Gonadal dysfunction in hypercortisolic men

F Chentli, H Boudina, K Gati, S Azzoug & N Meziani


Bab El Oued Hospital, Algiers, Algeria.


Cushing’s syndrome is rare in males. Hypercortisolic consequences on male gonadal function are unknown. The aim of our study is to research gonadal and sexual abnormalities in 17 male subjects with endogenous cortisol excess: 10 Cushing’s diseases, 5 paraneoplastic Cushing syndrome, 1 malignant corticosurrenaloma, 1 micronodular dysplasia. Their mean age is 30.2 years (18 – 50).

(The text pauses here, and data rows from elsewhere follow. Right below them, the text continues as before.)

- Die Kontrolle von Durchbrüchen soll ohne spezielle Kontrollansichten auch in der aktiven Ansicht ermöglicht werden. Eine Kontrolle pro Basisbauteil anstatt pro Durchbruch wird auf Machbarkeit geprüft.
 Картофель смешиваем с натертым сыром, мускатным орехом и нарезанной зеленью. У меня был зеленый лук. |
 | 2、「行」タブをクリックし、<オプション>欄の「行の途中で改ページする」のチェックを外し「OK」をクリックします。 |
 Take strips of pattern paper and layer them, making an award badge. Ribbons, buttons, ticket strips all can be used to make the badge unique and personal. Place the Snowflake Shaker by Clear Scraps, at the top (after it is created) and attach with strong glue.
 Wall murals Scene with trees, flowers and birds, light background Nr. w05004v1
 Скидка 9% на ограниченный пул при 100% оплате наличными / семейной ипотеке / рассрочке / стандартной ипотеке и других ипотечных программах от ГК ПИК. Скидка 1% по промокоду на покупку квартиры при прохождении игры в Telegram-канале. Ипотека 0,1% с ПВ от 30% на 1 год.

Our work is based on anamnestic, clinical and hormonal results. Our population is compared to normal men without medical or endocrinological diseases. Nobody has taken medical treatment before or during biological exploration.

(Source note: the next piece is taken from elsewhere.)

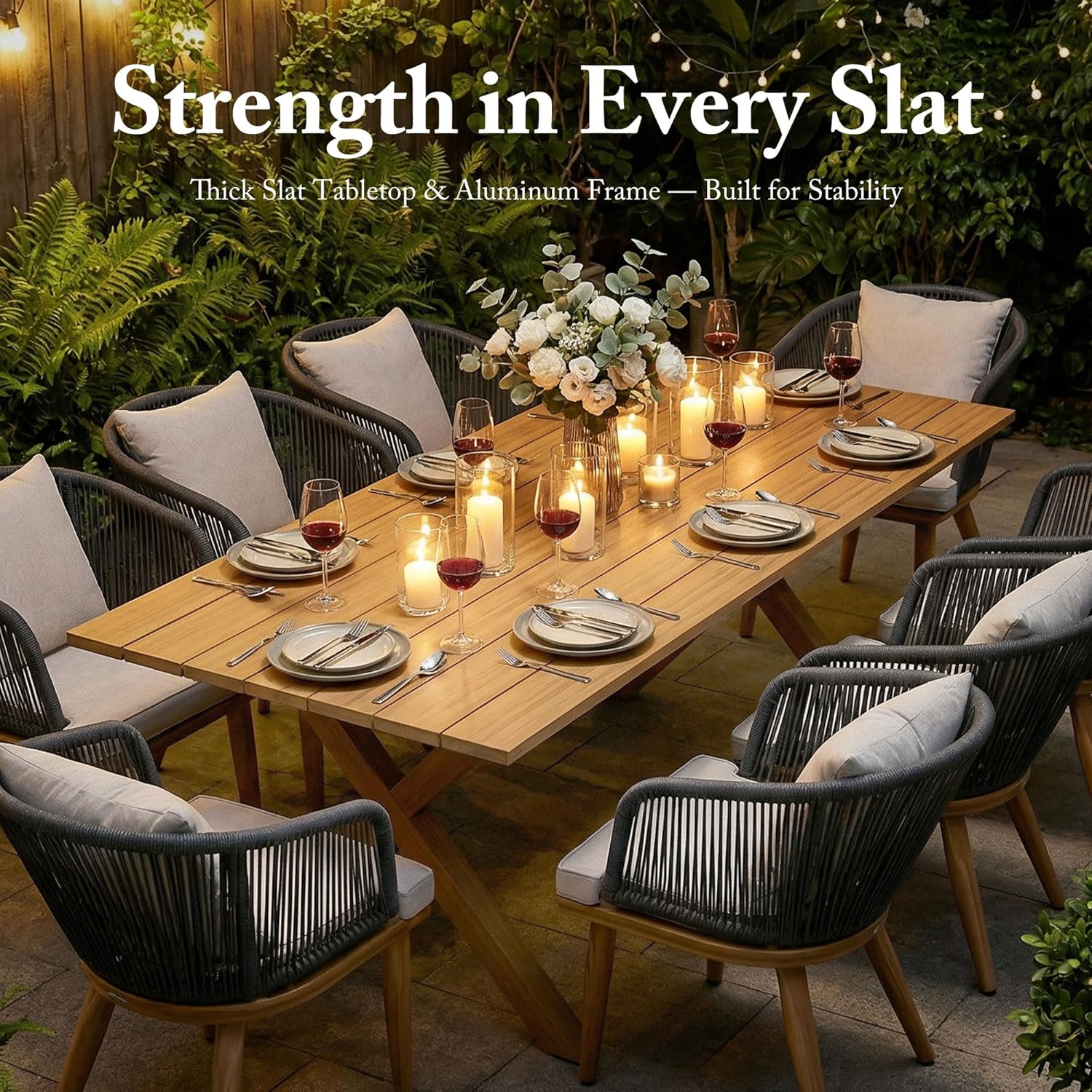 • PURPLE LEAF 11 Pieces Patio Dining Set Wicker Outdoor Furniture Rectangular Table and Chairs Set for Garden Deck Teak-Finish Aluminum Frame Backyard Kitchen Set, Cushions and Pillows Included

Our results are as follow: decreased libido and/or impotency is noticed in 7/15 subjects (46%), there is a gynecomastia in one case (5.8%) and testosterone of hypercortisolic subjects is significantly lower than testosterone of normal subjects (2.9 ng/ml versus 5.05, P<0.01). Mean prolactine (PRL) of our population is higher than PRL of control group (11 ng/ml versus 2.5, P<0.005). For gonadotrophines there is no difference between the two groups (FSH of hypercortisolic subjects =4.2 mU/ml versus 3.3 and LH=2.9 mU/ml versus 3.0, P>0,05).

Conclusion: Men with endogenous hypercortisolism have a decreased libido and/or impotency in 46%. Their testosterone is significantly lower than normal subjects and their prolactine is higher. Gonadotrophines of hypercortisolic group are similar to those of control group. The mechanism of this normogonadotrop hypogonadism will be discussed.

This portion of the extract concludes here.